Around the time it was due to open, a friend of mine asked Amanda Levete from Future Systems a simple question over dinner. The question was Why is it the shape that it is?. The reply that came back was simply Because it’s beautiful. That was it. No qualification was felt necessary. She’d decided. The formal solution was offered as the primary (or only) driving force for every other decision that had followed. It’s raison d’etre was to look as beautiful as Amanda dreamed it would be.

Rewind a few years. I’m sat in a lecture being given by American architect Neil Denari. He talks of people and functions, clients and landscapes, weather and politics, technology and light, building regulations and the laws of physics. He shows us the net result of all those compromises and we are dumb struck. I salivate at the spaces and places he creates. When we move to the questions and answers, a hand goes up from the back and a voice says,

Neil, you’ve talked very eloquently about all the programmatic elements that go into making your building, but you’ve never talked about the final form of your buildings and how you think they look. I wonder if you could say a little about your feelings on beauty?
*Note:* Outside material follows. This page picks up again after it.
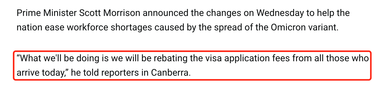 除此之外,莫里森总理还在今日的新闻发布会上宣布:从今天起抵达澳大利亚的国际学生和打工度假签证持有人的签证申请费将得到返还。希望通过这个措施鼓励更多海外人士入境澳大利亚来缓解目前境内劳动力短缺的问题。

It’s Neil’s turn to be dumb struck. His jaw visibly drops and for the first time in the whole lecture he hesitates and then says,

I’m completely obsessed by beauty. It’s all I think about. I thought that was exactly what I’ve just been talking about for the last forty five minutes. It is, isn’t it?

Neil doesn’t believe he’s been given the key to the cupboard of divine geometry. His role isn’t to oversee a selection of shapes that are pleasing to his eye. He divines his own beauty from the solutions that are born of the compromise between conflicting programs.

Next time you visit Selfridges, see if you can count the number of compromises that have to be repressed and hidden to sustain the vision of Amanda’s geometry. It’s covered with them.

A few weeks after it opened, I heard the following on the number 52 bus from Perry Barr into the City. As Selfridges came into view, a guy on the back seat said,

Just look at that. It’s a f**kin’ ab*rtion. Have you ever seen anything so ugly?

to which, his friend replied,

I know, I’m not sure if it’s supposed to look like f**kin’ chain mail or a f**kin sex aid.

This entry is an expansion of something I originally wrote on the comments section of Warren Ellis’ site, after he’d posted a picture of the building accompanied by an astute observation that it was the first building he’d seen that ‘looked like it was designed to eat people up and shit them out’. I suspect he had a hand in writing the original brief. I decided to revisit it here because his site archive got fried earlier this year and the article in question is now gone forever.

It’s late/early and I’m off to bed. Tonight I can add another book to the pile on my bedside table, as my signed copy of Lawrence Lessig’s ‘The Future of Ideas’ arrived in the post today. I’ve also managed to snaffle an account on the new Google mail service Gmail, thanks to Peter Lindberg‘s kind invitation. I should also point out that his fine observation today that, there’s a sweet spot between regularity and irregularity in a city’s plan where the city is optimally navigable is part of a story worth backtracking through the blogosphere.

Damn. I swore I’d never use that word.